Under (4) and (18) the Weyl-covariant derivative transforms as \(\hat{{\tilde{D}}}_\mu {\hat{\chi }}=(1/\Omega )\, {\tilde{D}}_\mu \chi \). As in previous sections, replace \(R(\tilde{\Gamma },g)^2\!\rightarrow \! -2 \phi ^2 R(\tilde{\Gamma },g)-\phi ^4\) to find an equivalent “linearised” \(L_3\)

$$\begin{aligned} L_3&=\sqrt{g}\,\left[ \, - \frac{1}{2} \,\rho ^2\,R(\tilde{\Gamma },g) - \frac{1}{4 \alpha ^2}\,F_{\mu \nu }^2 \right. \nonumber \\&\quad \left. + \frac{1}{2} \,({\tilde{D}}_\mu \chi )^2 -{{\mathcal {V}}}(\chi ,\rho ) \right] , \end{aligned}$$
(37)

where

$$\begin{aligned}&{{\mathcal {V}}}(\chi ,\rho )\equiv \frac{1}{4!}\,\left[ \frac{1}{\xi _0} (6\rho ^2-\xi _1\chi ^2)^2 + \lambda _1\chi ^4\right] ,\nonumber \\&\quad \text {and}\quad \rho ^2=\frac{1}{6}\,(\xi _1\chi ^2+\xi _0\phi ^2). \end{aligned}$$
(38)

Notice that we also replaced the scalar field \(\phi \) by the new, radial direction field \(\rho \); \(\ln \rho \) transforms as \(\ln \rho \rightarrow \ln \rho -\ln \Omega \) and acts as the (would-be) Goldstone of the symmetry.

The equation of motion for \(\tilde{\Gamma }_{\mu \nu }^\lambda \) is similar to (19) but with a replacement \(\phi \rightarrow \rho \) and with an additional contribution from the kinetic term of \(\chi \). Following the same steps as in the previous section, we eliminate the contributions of the kinetic terms of \(\chi \) and \(v_\mu \) to the equation of \(\tilde{\Gamma }\) and find an equation similar to (21) with \(\phi \rightarrow \rho \):

$$\begin{aligned} {\tilde{\nabla }}_\lambda (\sqrt{g}g^{\mu \nu }\rho ^2) -\frac{1}{5} \Big \{ \delta _\lambda ^\nu \, {\tilde{\nabla }}_\sigma (\sqrt{g}g^{\sigma \mu }\rho ^2)+(\mu \leftrightarrow \nu ) \Big \}=0.\nonumber \\ \end{aligned}$$
(39)

This gives (see previous section):

$$\begin{aligned} {\tilde{\nabla }}_\lambda (\rho ^2 g_{\mu \nu }) =(-2)\rho ^2 (g_{\mu \nu }\,V_\lambda -g_{\mu \lambda } V_\nu - g_{\nu \lambda } V_\mu ), \end{aligned}$$
(40)

where \(V_\mu =(-1/2){\tilde{\nabla }}_\mu \ln (\sqrt{g}\rho ^4)=v_\mu -\partial _\mu \ln \rho ^2\).
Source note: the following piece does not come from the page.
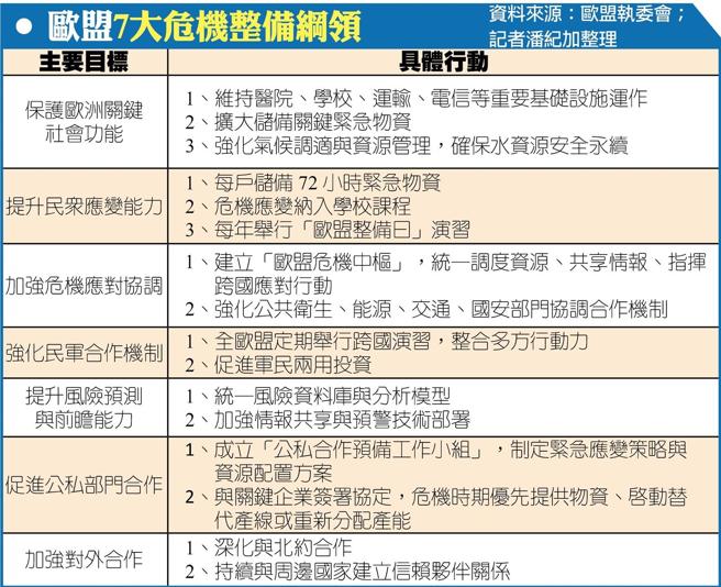 欧盟执委会26日根据《欧盟整备联盟战略》(EU Preparedness Union Strategy)公布《7大危机整备纲领》,寻求从战略层面推广应变机制,透过强化全社会层面参与、资源整合,在危机发生时,加强维繫关键社会功能运作与整体稳定。副总统萧美琴昨日表示,这代表着不只臺湾,强化全社会防卫韧性,此刻正是主要先进国家最重要的议题之一。

From (40) one finds the solution for Palatini connection \(\tilde{\Gamma }_{\mu \nu }^\alpha \) in terms of \(v_\mu \sim \tilde{\Gamma }_\mu \), with a result similar to (25) but with \(\phi \rightarrow \rho \). We use this solution for the connection back in the action and find for \(\tilde{\Gamma }\) onshellFootnote 22

$$\begin{aligned} L_3= & {} \sqrt{g}\left\{ \frac{-1}{2} [\rho ^2 R(g) + 6 (\partial _\mu \rho )^2] + 3 \rho ^2 (v_\mu -\partial _\mu \ln \rho ^2)^2 \right. \nonumber \\&\left. -\frac{1}{4 \alpha ^2} \,F_{\mu \nu }^2 +\frac{1}{2} ({\tilde{D}}_\mu \chi )^2 - {{\mathcal {V}}}(\chi ,\rho )\right\} . \end{aligned}$$
(41)

\(L_3\) has a gauged scale symmetry and extents (29) in the presence of scalar field \(\chi \).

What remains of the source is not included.